Rachel heaved the console onto her shoulder. It was zipped in a black duffel, swag from Mr. Woodlawn’s last taxidermy convention.

“I feel very optimistic about Step Two,” she said.

“Convince me,” said Riley.

“Smell is an extremely powerful sense. Remember when that guy farted horribly in Ice Cream Heaven and we couldn’t go back there for two months?” She examined the menu posted by the door. “This might be the last step we need.”

“Yeah, but David said we’d need Three and Four—”

“Are you going to accept that?”

“He’s the scientist.”

“We can totally beat this tonight, Ri. We could be completely normal, completely platonic friends by tomorrow.”

Riley considered this. “If we are, can we go fishing?”

“Yes.”

“And go to Skateland?”

“Of course.”

“I want to do fun stuff with you. Before we have to leave.”

“We’ll do
all
the fun stuff once this is over. Ready for our date?”

Riley straightened his shirt. “Ready. Yes.”
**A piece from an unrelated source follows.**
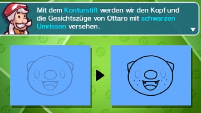 Die Lektionen in Pokémon: Art Academy bauen wie in der Art-Academy-Reihe aufeinander auf. Aufgebaut sind diese so, dass Professor Albrecht uns zeigt, was in der jeweiligen Phase zu tun ist. Anschließend sind wir an der Reihe und führen Pinselstriche und Co. nach. Zudem sind die Lektionen in verschiedene Kurse unterteilt. Im Anfängerkurs lernen wir einfache Formen kennen und in welcher Reihenfolge wir beim Malen arbeiten. Weitführende Hilfe gibt es im Studentenkurs, auf den später der Absolventenkurs folgt. Vom anfänglichen Erstellen von Konturen, dem Ausfüllen von Teilbereichen bis hin zum Schraffieren und Skizzieren erlernen wir viele hilfreiche Techniken. In der Realität ist das Arbeiten mit Radiergummi und mehreren Ebenen so vielleicht nicht machbar, doch gefallen uns diese vielen Optionen sehr. Kaum haben wir ein Pokémon gemalt, wollen wir auch schon das nächste auf die digitale Leinwand bannen. Haben wir uns noch bei New Art Academy darüber beschwert, dass es keine Bewertungskriterien für von uns gemalten Bildern gibt, setzt Pokémon: Art Academy neue, wenn auch kleine, Maßstäbe. Für ein beendetes Werk erhalten wir entweder eine goldene oder eine silberne Medaille. Das Spektrum könnte zwar größer sein, doch finden wir es schade, dass uns der Titel die Bewertungskriterien nicht offenlegt. Potential verschenkt!

“How do we look? Datelike enough?”

They appraised each other. Rachel wore her red crown socks with black hightops, a black sleeveless turtleneck, a short red skirt with knife-sharp pleats, and the gold R necklace Riley had given her for her fourteenth birthday. Riley wore a stiff white dress shirt, jeans he’d ironed, and the silver watch Rachel had bought him at Jonah’s Junque for their fifth Us Day. Their special smells whispered louder than usual; Rachel had dabbed Poison Apple lotion on her pulse points, as a magazine in the dentist’s waiting room had once instructed, and Riley had washed three times with Tidal soap.

“Definitely datelike,” said Riley.

“Yeah?”


Comprehensively
datelike.”

“Are you mocking my adverbs?”

He shrugged. She punched his shoulder. Then Riley held out his arm, which Rachel took with careful formality, and they soldiered through the door to meet their fate.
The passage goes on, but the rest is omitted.